AIM OF THE EXERCISE: Aside from the pictures, copy the listing exactly.

Start of Block

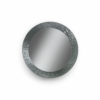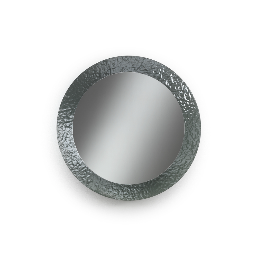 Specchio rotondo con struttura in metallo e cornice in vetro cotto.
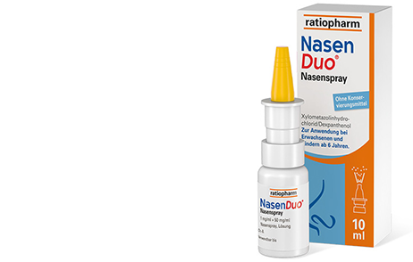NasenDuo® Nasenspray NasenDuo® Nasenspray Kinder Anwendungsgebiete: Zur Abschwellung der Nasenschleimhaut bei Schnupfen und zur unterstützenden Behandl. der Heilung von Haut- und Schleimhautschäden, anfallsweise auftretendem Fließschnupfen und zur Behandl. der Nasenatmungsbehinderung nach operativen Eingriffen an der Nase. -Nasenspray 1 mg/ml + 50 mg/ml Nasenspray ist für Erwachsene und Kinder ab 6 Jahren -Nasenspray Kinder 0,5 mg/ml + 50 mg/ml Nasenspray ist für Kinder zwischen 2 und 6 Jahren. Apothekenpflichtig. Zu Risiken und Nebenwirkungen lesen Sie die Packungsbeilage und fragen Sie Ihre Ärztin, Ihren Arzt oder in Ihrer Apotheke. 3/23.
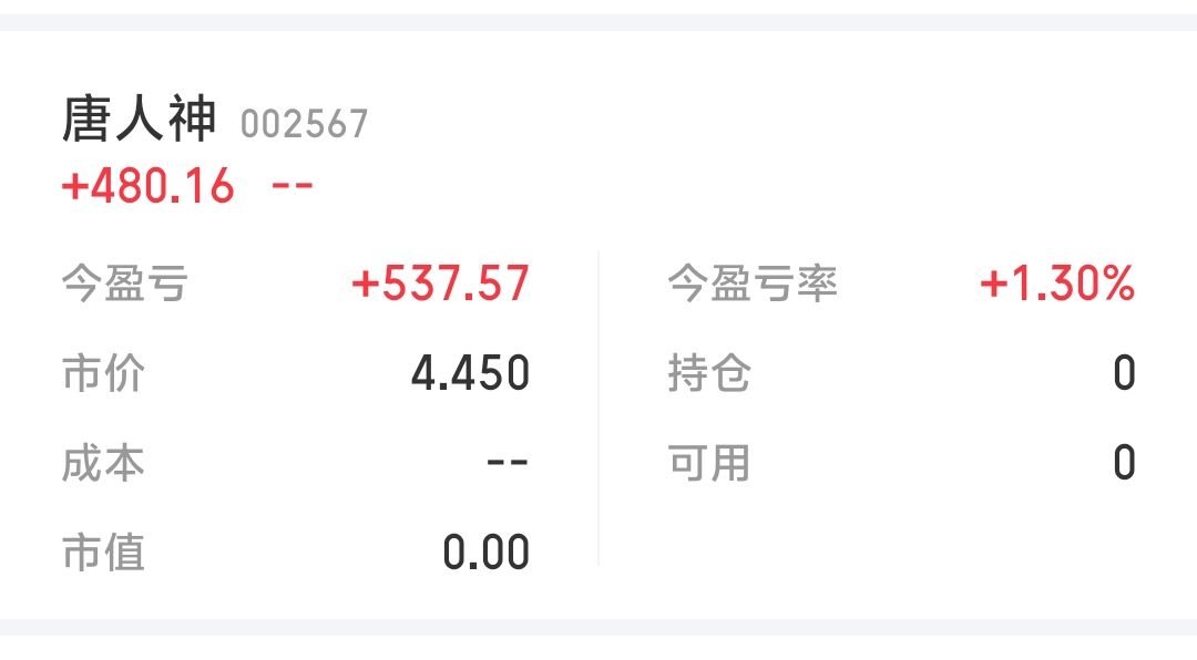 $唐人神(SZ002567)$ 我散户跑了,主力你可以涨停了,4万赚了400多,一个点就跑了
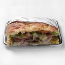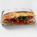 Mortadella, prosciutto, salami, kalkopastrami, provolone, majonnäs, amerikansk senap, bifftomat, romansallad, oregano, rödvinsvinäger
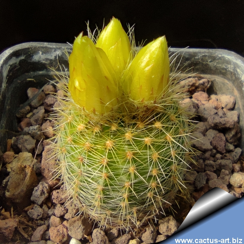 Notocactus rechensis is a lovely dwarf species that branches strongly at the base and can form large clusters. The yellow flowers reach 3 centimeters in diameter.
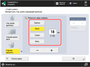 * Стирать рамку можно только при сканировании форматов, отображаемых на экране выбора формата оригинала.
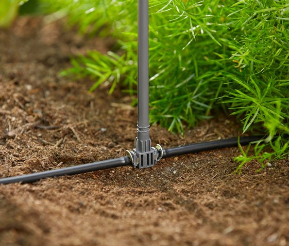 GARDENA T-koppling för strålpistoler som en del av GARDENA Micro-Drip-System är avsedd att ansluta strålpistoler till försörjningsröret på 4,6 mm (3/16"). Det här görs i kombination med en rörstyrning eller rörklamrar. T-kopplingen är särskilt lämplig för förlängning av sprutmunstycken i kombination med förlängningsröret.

End of Block

WRITTEN REPLY:
 Specchio rotondo con struttura in metallo e cornice in vetro cotto.
NasenDuo® Nasenspray NasenDuo® Nasenspray Kinder Anwendungsgebiete: Zur Abschwellung der Nasenschleimhaut bei Schnupfen und zur unterstützenden Behandl. der Heilung von Haut- und Schleimhautschäden, anfallsweise auftretendem Fließschnupfen und zur Behandl. der Nasenatmungsbehinderung nach operativen Eingriffen an der Nase. -Nasenspray 1 mg/ml + 50 mg/ml Nasenspray ist für Erwachsene und Kinder ab 6 Jahren -Nasenspray Kinder 0,5 mg/ml + 50 mg/ml Nasenspray ist für Kinder zwischen 2 und 6 Jahren. Apothekenpflichtig. Zu Risiken und Nebenwirkungen lesen Sie die Packungsbeilage und fragen Sie Ihre Ärztin, Ihren Arzt oder in Ihrer Apotheke. 3/23.
 $唐人神(SZ002567)$ 我散户跑了,主力你可以涨停了,4万赚了400多,一个点就跑了
 Mortadella, prosciutto, salami, kalkopastrami, provolone, majonnäs, amerikansk senap, bifftomat, romansallad, oregano, rödvinsvinäger
 Notocactus rechensis is a lovely dwarf species that branches strongly at the base and can form large clusters. The yellow flowers reach 3 centimeters in diameter.
 * Стирать рамку можно только при сканировании форматов, отображаемых на экране выбора формата оригинала.
 GARDENA T-koppling för strålpistoler som en del av GARDENA Micro-Drip-System är avsedd att ansluta strålpistoler till försörjningsröret på 4,6 mm (3/16"). Det här görs i kombination med en rörstyrning eller rörklamrar. T-kopplingen är särskilt lämplig för förlängning av sprutmunstycken i kombination med förlängningsröret.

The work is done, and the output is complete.